La escritura es seca, directa, antipoética, desadjetivada, exacta. Amoral. Neta. Perfecta. Minimal. Precisa.
El libro tiene la particularidad de estar escrito en primera persona del plural. Y, como en el teatro, las cosas no se explican, se muestran: se trata de una puesta en escena. La escritura es seca, directa, antipoética, desadjetivada, exacta. Amoral. Neta. Perfecta. Minimal. Precisa. Como uno de los relojes suizos de aquella fábrica de los comienzos del exilio. La autora contó en una entrevista que para encontrar el tono de su libro se fijó en la tarea de su hijo en su cuaderno escolar. Las preguntas no dejan de dispararse como proyectiles a medida que leemos esta historia de infancia en guerra. ¿Lo que estamos leyendo es lo que los mellizos escriben? O: ¿Qué pone en escena El gran cuaderno?
Kristof dijo en una entrevista: "En El gran cuaderno era mi infancia lo que quería describir, lo que yo vi junto a mi hermano Jeno. Es puramente biográfico".

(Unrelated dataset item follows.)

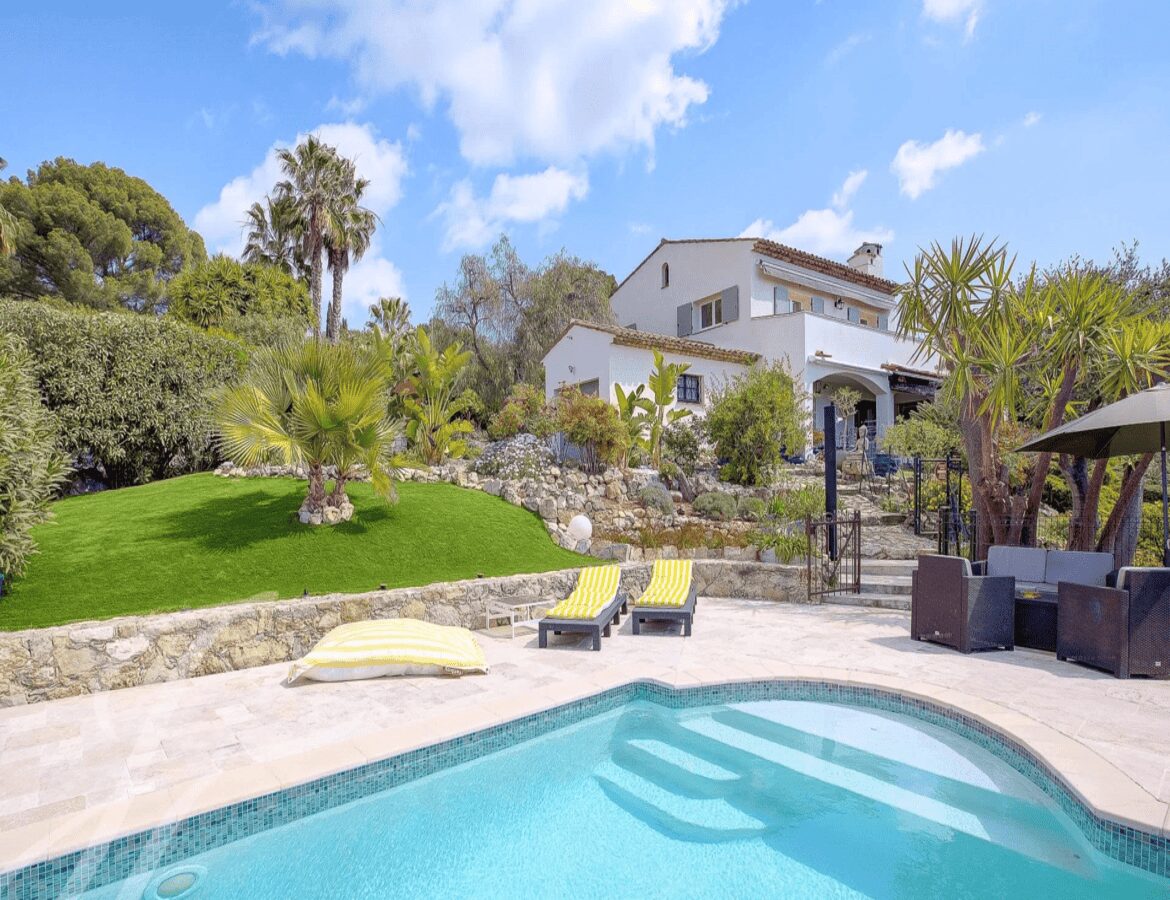 Mougins’n arvostetulla asuinalueella, lähellä Le Cannet’a ja Cannesia sijaitseva, täysin remontoitu talo, jolta aukeaa panoraamanäkymät merelle ja kukkuloille.

En su libro de ensayos Escribir sobre el trapecio (Ediciones Universidad Diego Portales), la escritora chilena Andrea Jeftanovic incluye El gran cuaderno como parte de un gran corpus literario que utiliza narradores niños como estrategia literaria, "una perspectiva y un espacio simbólico que no se agota en una situación de vulnerabilidad; o más bien manipula esa vulnerabilidad para transformarla en una herramienta literaria que permita construir discursos político-sociales y poéticas escriturales". O, dicho de otro modo, a través de los niños vulnerados habla la literatura. Jeftanovic hace referencia a "Las tretas del débil", de Josefina Ludmer. De eso se trata El gran cuaderno.

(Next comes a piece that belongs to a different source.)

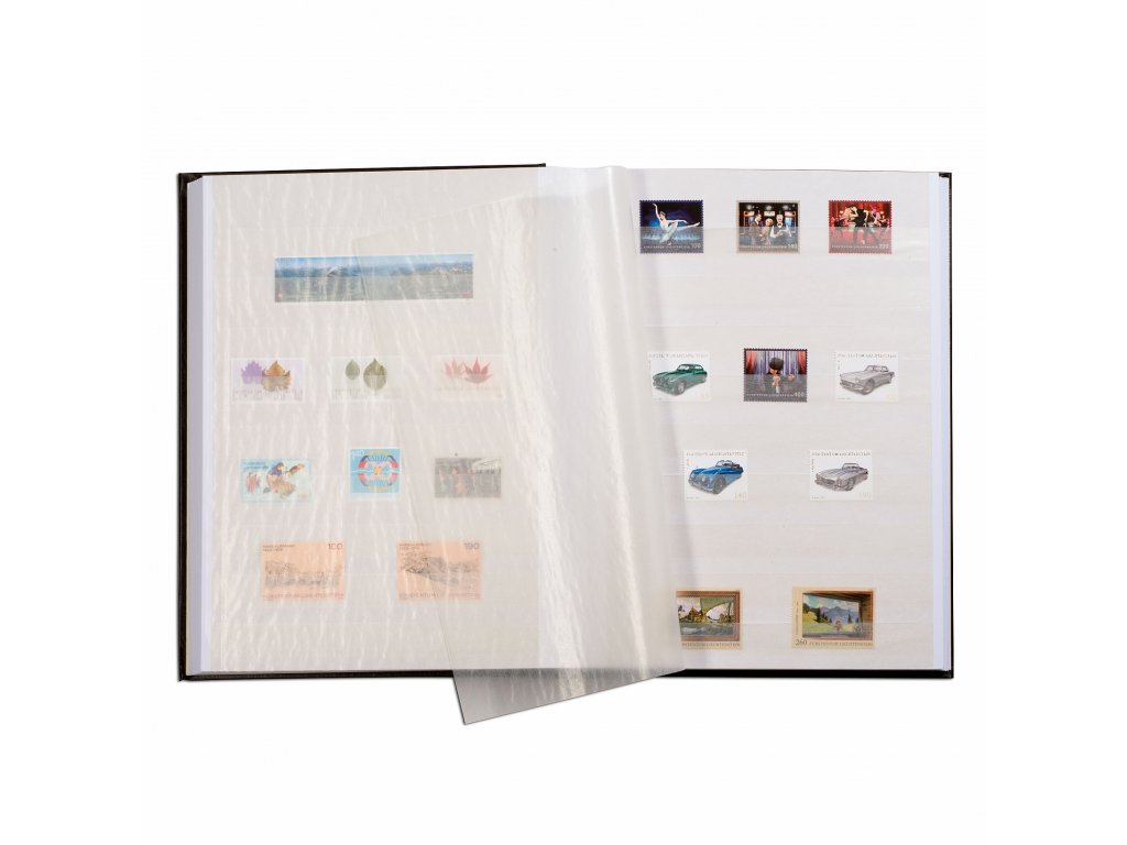 COMFORT A4 stockbook with 32 white pages, padded leatherette cover. The book features 9 clear glassine strips per page, double interleaves with double hinge binding.Doplňkové parametry

La prueba (1988), segunda novela de la trilogía, cuenta la vida después de la separación de los gemelos. El punto de vista es otro, ya no hay dos, hay uno (¿cuál?), y un narrador en tercera persona que lo cambia todo. Incluso, la historia, reversionada y que, como en un policial (género que Kristof consumía con devoción, aun cuando había "dejado de leer"), la pregunta que surge es: ¿cuál es la verdad? En un documento burocrático sobre el manuscrito que tiene el protagonista, se lee: "En lo que concierne al contenido del texto, solo puede tratarse de una ficción…"
La trilogía cierra con La tercera mentira (1991), no por casualidad año en que Rusia abandona Hungría. Un título que dice mucho, o abre la pregunta y casi que la responde: ¿cuáles son las otras dos? El narrador cambia, esta vez, a una primera persona del singular. Los años pasaron y Lucas trabaja en una librería. Ya es un hombre grande y está cansado. Los mismos personajes reaparecen, pero con roles y vínculos diferentes. La historia recomienza, entre mentiras y verdades. Y la pregunta que late: ¿Quién cuenta la historia, quién es el autor?

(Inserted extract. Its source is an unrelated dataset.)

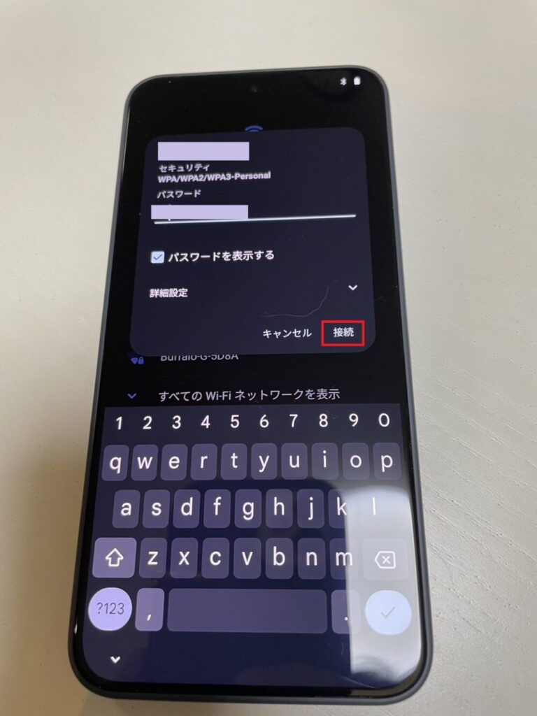 自宅やオフィスなどのネットワークを選択し、Wi-Fiに接続します。

Reunir los tres libros en uno fue una decisión editorial muy posterior a la publicación de cada uno de ellos. Una decisión no menor, porque hoy se leen como una unidad textos que hasta entonces dialogaban entre ellos a la distancia, en medio de rupturas y continuidades. Una extraña saga donde el lector se zambulle en un verosímil engañoso pero eficaz. Así, se establece un pacto de lectura que consiste en recordar todo el tiempo que lo que se lee es ficción… pero podría ser verdad. La narración se enrosca como una serpiente traicionera, una boa que aprieta cada vez más, como en el dibujo de El Principito. Una serpiente que hipnotiza como la de El libro de la selva. Un mundo infantil servido en bandeja de plata en la mesa perversa, para goce de los adultos. Contra eso también construyen su impiadoso y férreo muro los gemelos. En palabras de Jeftanovic, los niños, "metáfora del cuerpo como plataforma de poder y del abuso".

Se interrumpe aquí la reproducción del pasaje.